Leigh Brown, a Realtor, said the GOP brand is not “soiled” in the wake of the recent controversies.
“You have some people who made decisions I’m sure they regret and hired people they shouldn’t have hired, but you also have people that say one bad apple does not spoil the barrel,” she said. “And I’m not calling Mark Harris a bad apple — I still think he just made a bad judgment call hiring a bad guy.”
Matthew Ridenhour, a former Mecklenburg County commissioner, called Mr. Harris a good man and said it sounded like people “downstream” from him hired some people they shouldn’t have.
“I guess if there’s a silver lining to all this it’s that this has been brought to light and that hopefully this means going forward we have free and clear elections that do not have any hint of fraud,” Mr. Ridenhour said.
But Tami Fitzgerald, executive director of the NC Values Coalition, predicted that it would be a motivating factor for Republicans.
“I believe the Board of Elections in North Carolina [has] a responsibility to notify candidates that they knew there was some type of ballot harvesting operation going on, or that they suspected it. And yet, they didn’t. And Mark Harris just walked right into a trap,” she said.
The issue could play a role in the general election, where both sides are likely to use the flap as a rallying cry, said J. Michael Bitzer, a politics professor at Catawba College in Salisbury.
“I think partisan lenses will color what the rationale for the general election is going to be,” Mr. Bitzer said. “Both sides are probably going to use the ’the other side stole this election’ mantra.”
Mr. McCready recently signed a fundraising pitch for the Democratic National Committee in which he said he almost lost last year’s race because of “a coordinated effort on behalf of my opponent to steal votes and rig the election.”

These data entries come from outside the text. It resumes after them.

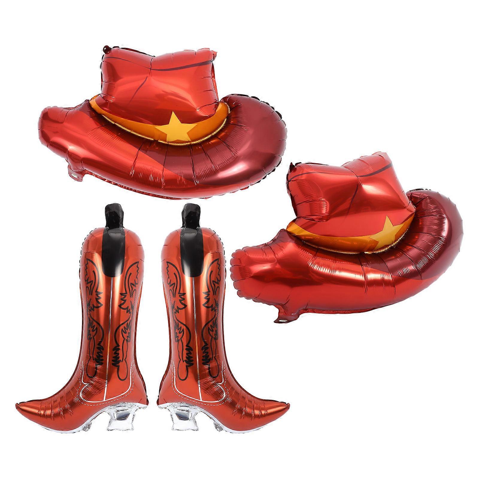 Cowboy Boot Design Wild West Decorations 4Pcs Brown Aluminum Foil Balloons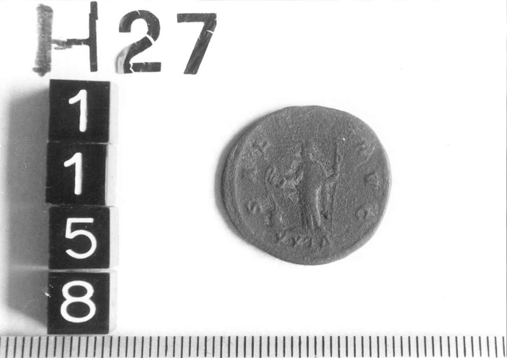 Dritto: Tacito, con corona radiata, busto a destra con paludamentum e corazza. Rovescio: Salus in piedi a sinistra nutre un serpente attorcigliato ad un'ara e tiene un lungo scettro nella mano sinistra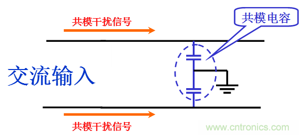 在电路中引入共模电容,则共模电容提供最短的路径使共模干扰信号被旁路,从而抑制共模干扰的产生 。

“This special election is not just about winning a seat in Congress,” he said. “It’s a referendum on Republicans’ decades-long strategy of using dirty tricks to maintain their grip on power — whether through gerrymandering, strict voter ID laws, or, in this case, actually stealing votes.”

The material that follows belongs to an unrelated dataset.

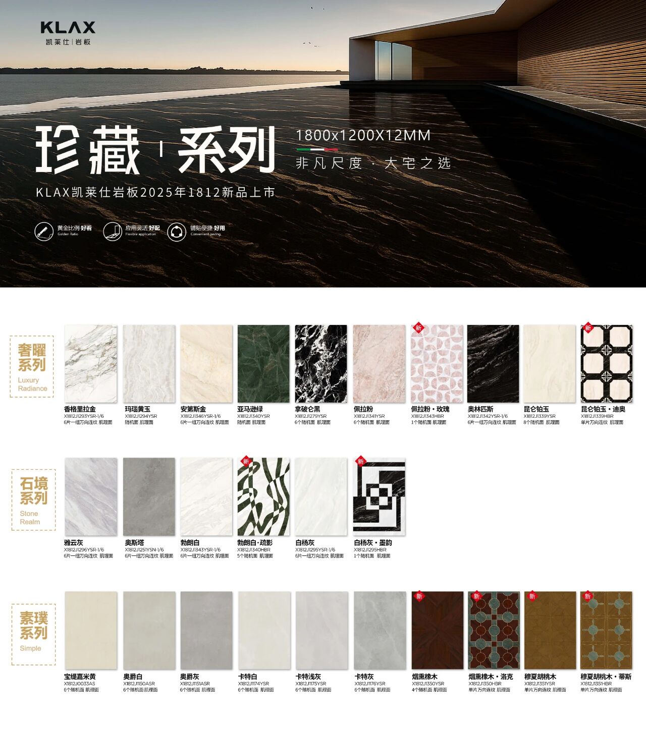 今年7月,凯莱仕岩板前瞻性创新发布1800×1200×12mm黄金尺寸珍藏系列岩板,主动升级与精准深耕高端市场。该规格完美平衡了空间大气连贯性需求与落地的可行性,成为高端客户追求效果与实用兼具的最优解,实现“花更少钱买更好品质”。

If no candidate wins more than 30% of Tuesday’s vote, the second-place finisher can request a runoff that would take place on Sept. 10. Otherwise, the general election do-over will be on that date.

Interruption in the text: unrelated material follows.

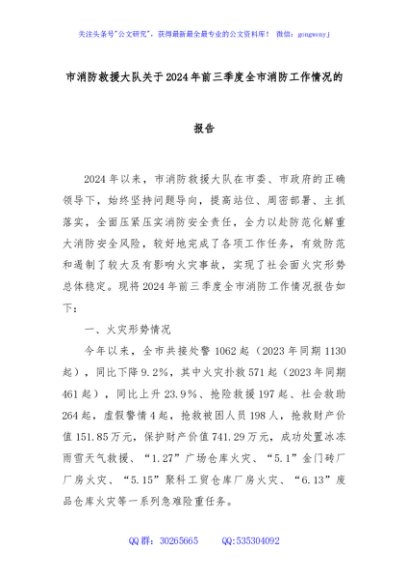 / 市消防救援大队关于2024年前三季度全市消防工作情况的报告

Mr. Rushing, who has been running second in recent polling, has said he won’t call for a runoff if he does end up finishing in second on Tuesday.
A GOP operative familiar with the district said Mr. Bishop should clear the 30% threshold anyway, and said the current environment should be an improvement for the GOP compared to last year in what’s already a Republican-leaning district.
“I think generally, the environment is a lot better for us than it was the last time, and of course, with whatever else happened, we did win,” the strategist said. “[If] McCready gets elected, he’d better not sign a long-term lease.”
The south central district, which stretches from the Charlotte area along the South Carolina border, leans Republican, and the GOP has held the seat for decades.
“It’s a Republican district, but it’s a changing district, too,” said Thomas Mills, a past Democratic consultant who now publishes a blog on North Carolina politics. “What made it close is what you saw really in southeast Charlotte, and to some degree that’s where you have a little bit of a rejection of Trumpism. Whereas on the other side of the district, you’ve got an embrace of it.”
Mr. Ridenhour said he’d be comfortable trying to present a choice to voters between the GOP’s vision and that of new far-left figures in the House like Rep. Alexandria Ocasio-Cortez who have risen to prominence with Democrats holding the majority.
“We’re able to say look, is Maxine Waters on [financial services], is that who we want? Is Pelosi as speaker, is that what we want? With the AOCs, with the Green New Deal, is that really what we want?” he said. “And we can point to that and say, now if we want to reject that, then we got to get to work. And I think that energizes and motivates people.”